Burak’ın on yaşındaki hali geldi gözünün önüne. Genç irisi koca memeli Burak. Ne
dalga geçmişlerdi o memelerle zamanında. Memeleri ver de bir tur binelim,
memeler buji yapmış, memelerde inecek var. Okulun devasa tarihi merdivenlerini
çıkmaya çalışan iki koca meme. Kendi vücuduna baktı, hafif göbeği vardı ama en
azından memesi yoktu henüz. Kendi haline gülerek ilerledi. Memeleri nasıl eritti
lan bu zayıfladığı yetmezmiş gibi bir de direktör olmuş göt. Dünya para kaldırıyordur.

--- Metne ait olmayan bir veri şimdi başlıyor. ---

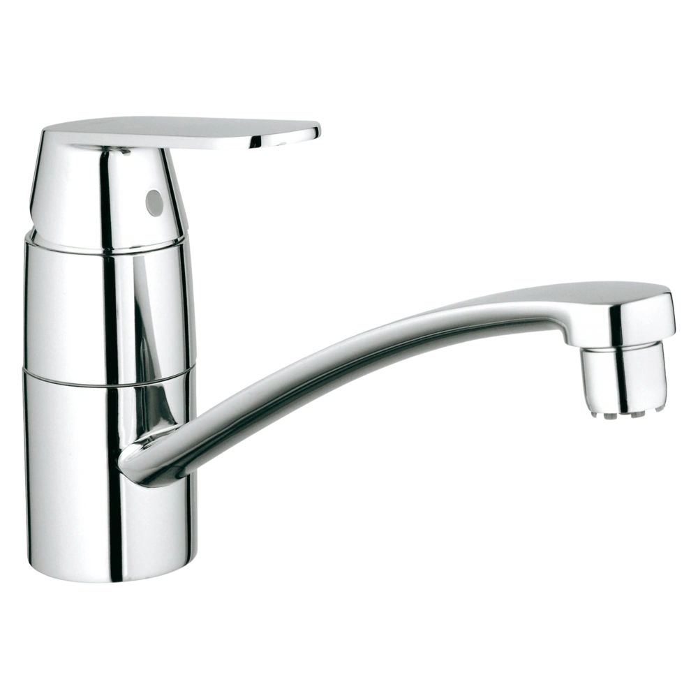 Eengreeps keukenmengkraan voor eengatsmontage. De lagedrukarmatuur heeft een GROHE SilkMove® 46 mm keramisch patroon, een variabel instelbare volumebegrenzer en een platte uitloop met perlator die 140° draaibaar is. Het GROHE StarLight® chromen oppervlak is onderhoudsvriendelijk, hygiënisch en krasbestendig. Met het snelmontagesysteem en de flexibele aansluitslangen is de mengkraan snel en eenvoudig te monteren.
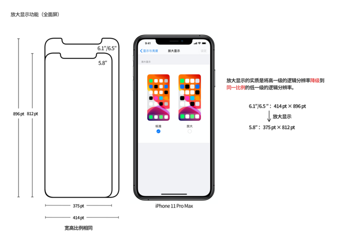 前文提到,从 iPhone 6 开始,iOS 在部分机型中新增了「放大显示」功能,放大显示的实质是将高一级的逻辑分辨率降级到同一比例的低一级的逻辑分辨率。在全面屏 iPhone 中,6.1 寸、6.5 寸的 iPhone 具备放大显示的这个条件,所以这两种尺寸的 iPhone 在系统中同样可以开启放大显示模式;但 5.8 寸的 iPhone 不存在比它还要低一级的同一比例的逻辑分辨率,所以 5.8 寸的 iPhone X、iPhone Xs、iPhone 11 Pro 一直没有放大显示功能。

Sen ne yaptın hayatınla Selim. Ona buna dalga geçeğine kendi haline bak, ne var
halimde. Bak geliyor şeytan melek şimdi. Halim gayet iyi benim. İstesem
evlenirim ben istemiyorum, öyle sorumluluk, çocuk çekemem ben. Hadi ordan kızı
kaç sene oyaladın senden ayrılır ayrılmaz hemen buldu birini anında bastı
nikahı. Sen anca bak kaybettiklerinin arkasından öyle. Mal gibi bekle. Ben
kimseyi beklemiyorum. Defol git sende. İçses misin, dış ses misin ne boksan artık.
Hiçbirinizi istemiyorum lan, bombok hayatımda mutluyum ben. Mutluymuş. Hadi ya.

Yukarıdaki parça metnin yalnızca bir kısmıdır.